König Rother ('King Rother') is the earliest Middle High German epic poem. It consists of 5,204 lines of rhymed couplets. The author is unknown, but was probably a clergyman writing in Bavaria. It was written no earlier than 1152, probably before 1180. The earliest manuscript, Heidelberg Cpg 390, is from around 1200 and is also the only complete copy. Three fragmentary manuscripts from the 13th and 14th centuries are known.

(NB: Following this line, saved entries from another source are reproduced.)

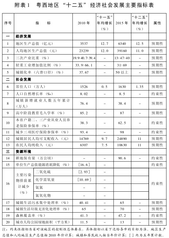 附表1:粵西地區(qū)“十二五”經(jīng)濟(jì)社會發(fā)展主要指標(biāo)表
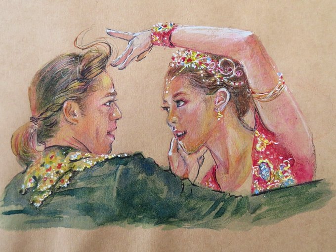 Conga and Rhythm is Gonna Get You , Ahora and Move 💘 #kanamuramoto #村元哉中 ⠀ #daisuketakahashi #髙橋大輔 #k7d1 #かなだい #watercolor #水彩 📷 : @anya3Lz3Lo
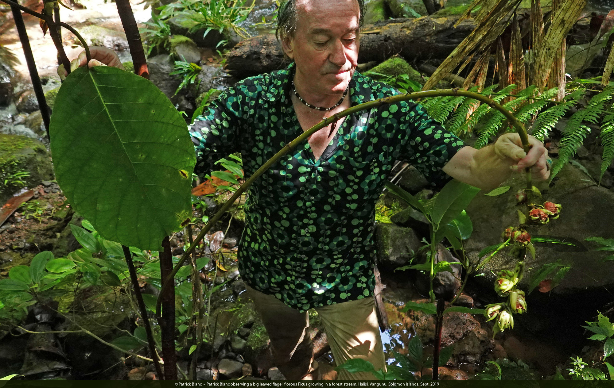 Patrick Blanc observing a big leaved flagelliflorous Ficus growing in a forest stream, Halisi, Vangunu, Solomon Islands, Sept. 2019
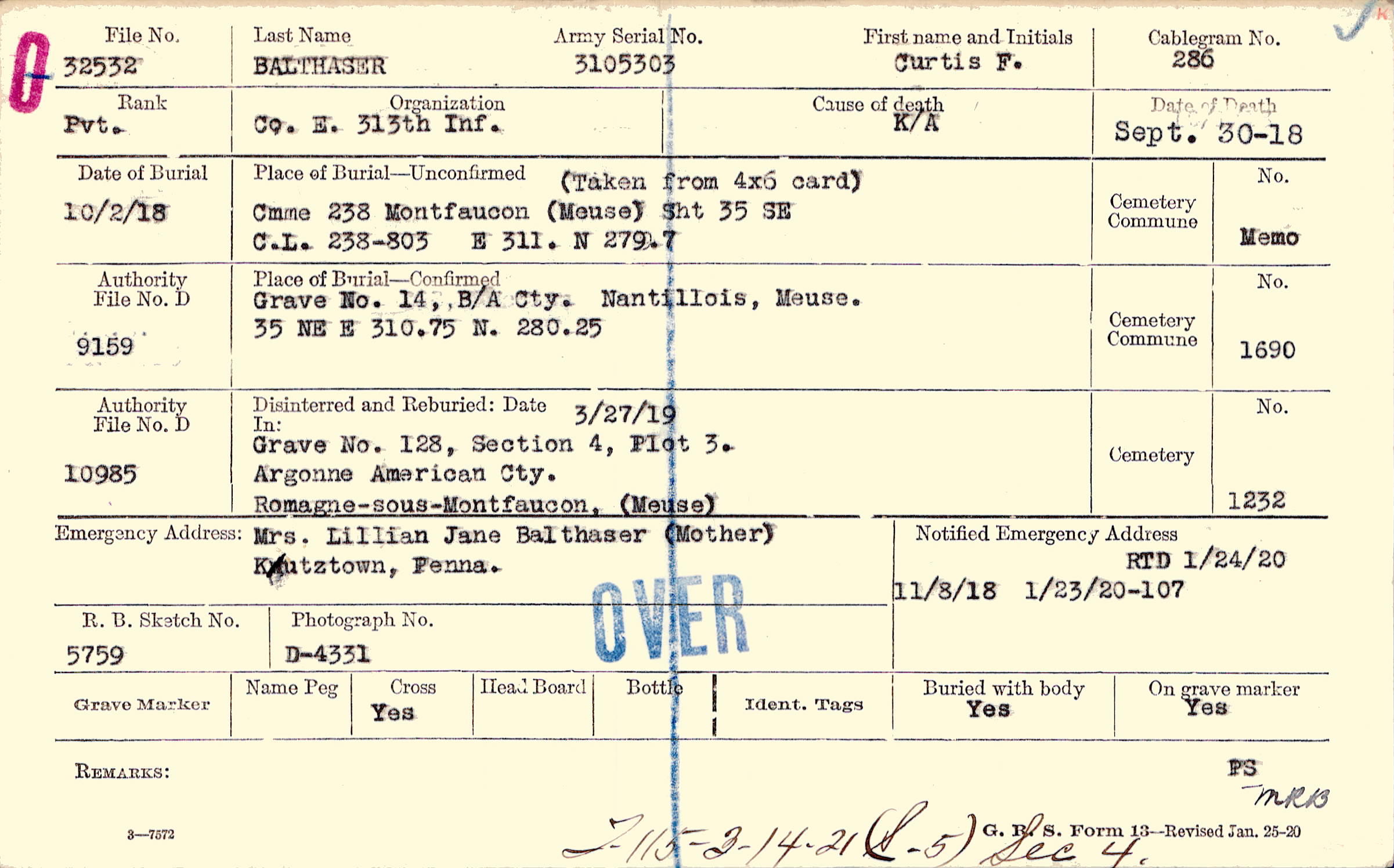 Grave 14, B/A/ Cty., Nantillois, Meuse, 35 NE
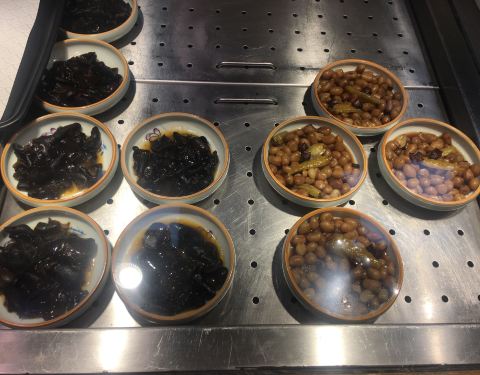 和府捞面在金山百联三楼,装饰很古风,除了捞面,还有很多小吃,有免费的玫瑰红茶供应。 儿子最喜欢酸汤雪花肥牛面和自家金玉炸虾。 古法烧饼、自家手工香肠、乾隆冰心蛋、超级猪蹄这些都是我最爱吃的,香肠除了油腻一点吃起来还是很香的、猪蹄煮的很烂,辣的带劲。冰心蛋不知道怎么煮出来的,吃起来蛋黄很软糯。 加入会员有优惠价,每次用餐都赠送一包纸巾,非常贴心,
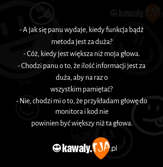 - A jak się panu wydaje, kiedy funkcja bądź metoda jest za duża?

The theme of König Rother is the "dangerous bridal quest". Traditionally classified as a Spielmannsdichtung, today it is more often labelled "pre-courtly epic". The story is probably based on orally transmitted accounts of historical events, but its treatment is entirely fictional. King Rother, for example, may be a reflection of King Rothari or King Roger II of Sicily, both of whom ruled in Italy. In the story, Rother, whose capital is Bari, needs a wife to ensure his succession. He pursues the daughter of Emperor Konstantin of Constantinople, who has the habit of executing her suitors. Rother outsmarts the emperor and takes the girl back to his kingdom, but her father's sends a ship to take her back. In a second effort, Rother goes in disguise to Constantinople, but is identified and sentenced to death. He is saved by a pre-planned military intervention and finally receives his bride.